Two Sides of the Same Coin: Tiny Electrical Vortexes Bridge Gap Between Ferroelectric and Ferromagnetic Materials
University of Warwick physicists discover presence of a special ferroelectric texture that mirrors the spin crystal phase (checkerboard-like symmetry) in ferromagnets.
Ferromagnetic materials have a permanent magnetic field. Ferroelectric materials do the same with an electric field
Researchers suggest that at small enough scales, the characteristics of the two could be almost identical, although they are caused by very different physics
Both classes of material have uses in electronics, particularly data storage
Ferromagnetic materials have a self-generating magnetic field, ferroelectric materials generate their own electrical field. Although electric and magnetic fields are related, physics tells us that they are very different classes of material. Now the discovery by University of Warwick-led scientists of a complex electrical ‘vortex’-like pattern that mirrors its magnetic counterpart suggests that they could actually be two sides of the same coin.

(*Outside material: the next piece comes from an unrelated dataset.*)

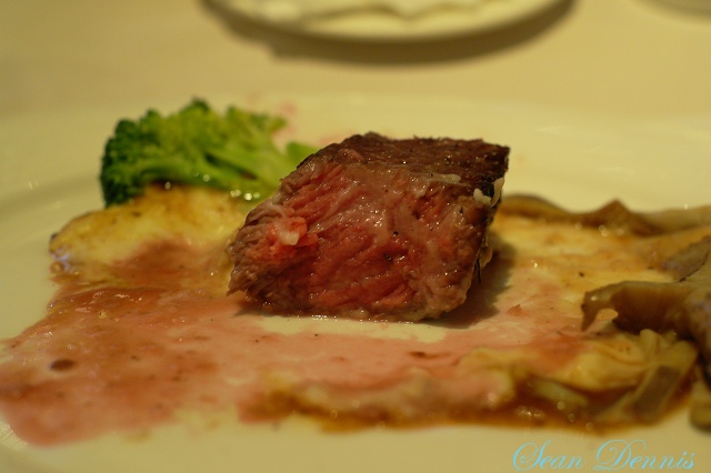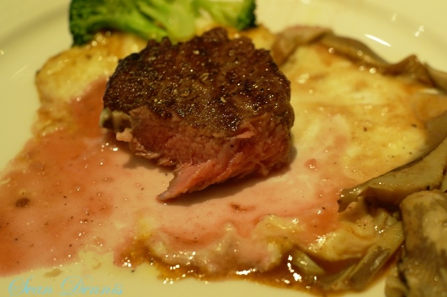 爐烤美國沙朗牛排(五分熟):這塊肉很少油脂,所以不能吃太熟會太柴,外層酥酥香香較乾澀硬,中間剛好,吃起來有肉汁,牛排可能沒有靜置,所以切肉時肉汁一直流出來

Detailed in a new study for the journal Nature, funded by the Engineering and Physical Sciences Research Council (EPSRC), part of UK Research and Innovation, and the Royal Society, the results give the first evidence of a process in ferroelectric materials comparable to the Dzyaloshinskii–Moriya interaction in ferromagnets. This particular interaction plays a pivotal role in stabilizing topological magnetic structures, such as skyrmions, and it might be crucial for potential new electronic technologies exploiting their electrical analogs.